The court heard last year that the concentration of alcohol in Motata’s blood was 0,2g per 100ml at the time of the accident.

The legal limit is 0,05g per 100ml.

But Danie Dorfling, who was Motata’s lawyer at that time, told the court that the Johannesburg forensic laboratory procedures were erroneous, and that they could have negatively affected the outcome of the assessment of his client’s blood.

Tokoto, at the last hearing, accused witness Baird of being racist and said he was the worst complainant ever.

”He was a dishonest witness … and made disturbing racist remarks.
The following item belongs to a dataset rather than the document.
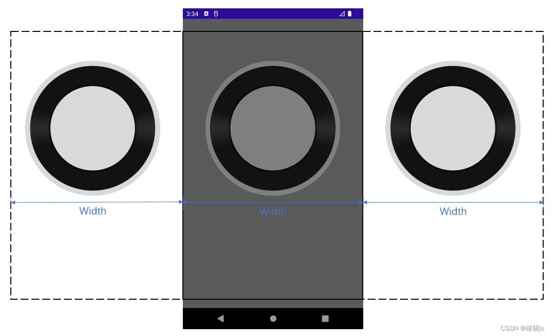 在左右滑动的全程中,唱盘的中心点与相邻唱盘的中心点距离,应为屏幕宽度。如下图所示

He saw a black judge and called him a drunken kaffir, it’s a criminal offence to say that … he humiliated him.

”He also didn’t want to be exposed in the media as a racist,” Tokoto said, referring to Baird’s initially not wanting to appear in court.

Tokoto said five cellphone recordings Baird took of Motata that night could have been manipulated.

The trial has been delayed several times, partly because Motata has twice changed his legal team.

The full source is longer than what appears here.